Before you cut, think about the nature of the plant. First, I ask myself why I want to remove a limb or branch or twig. Will the cut improve the shape of the plant? Can I raise the lowest branch of a tree enough for

me to walk under it without ducking down while mowing the lawn? Shrubs that have an open, fountain-like shape should be allowed to develop a natural flow of branches rather than shearing them back into a ball or square.

Once I have decided to make the cut, I ask myself this next question, “How will new growth emerge from this cut?” If you shear a plant into the shape of a ball, new growth will shoot out from every cut you make, forming a bigger ball. Shearing is to cut a plant back with a pair of large scissor-like pruning shears with long handles. A good example is cutting back boxwood in a way that stimulates new growth over the entire shrub. Other plants that benefit from this type of pruning are spireas, heaths and heathers.

Winter is not the time of year to cut back spring-flowering plants. The majority of early-flowering shrubs have already formed their flower buds on last year’s wood. Any pruning will remove the upcoming year’s flowers.
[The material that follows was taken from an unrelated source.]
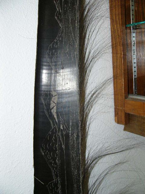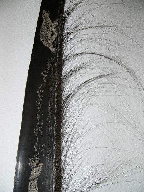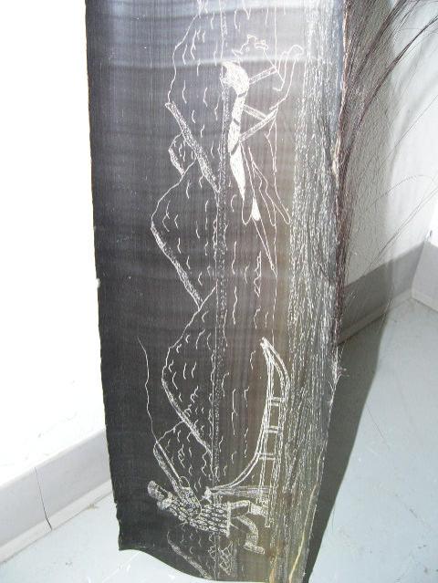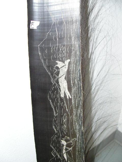 Approx. 9' scrimshawed baleen with dog sled and team (202)

Rhododendrons and azaleas are good examples. These plants can be pruned immediately after they flower in spring. The new growth that emerges after pruning will carry the buds of the following year’s flowers.

After the next period of rain, mark any spots where water stands and fails to drain from your garden. Soil that holds water and doesn’t drain is death to more plants than cold, snow and freezing weather. Try digging a shallow drainage trench to see if this will be enough to clear standing water from the area.

If this is a recurring problem that cannot be corrected with a shallow trench, consider installing French drains or some other proven method of soil drainage as soon as possible. If this sounds like too big a project for you, consider creating a bog garden. Japanese iris and several varieties of primrose (Primula ssp.) thrive and multiply when their feet are wet.

In recent years, junipers with lovely form and color have been introduced to the Northwest garden. Both the large shrub junipers and the creeping forms of coniferous ground covers can be pruned now. New, spring growth will quickly cover the pruning cuts. Prune these plants rather than shearing them. Shearing a needled evergreen produces a dense outer layer that shades the inner wood and can result in die-back.

Junipers are hardy plants that look best when pruned along the plants’ natural lines. Cut out branches that grow into walkways or other plants. The easiest way to prune is to take hold of the end of a branch that has grown too long. Follow it into the shrub and cut it off at a point where a healthy branch forks off and is growing in the direction you want the plant to grow. Think about how you prune roses above a bud to force the direction of growth. By removing only the leggiest branches in this manner, you should only have to prune junipers once every few years.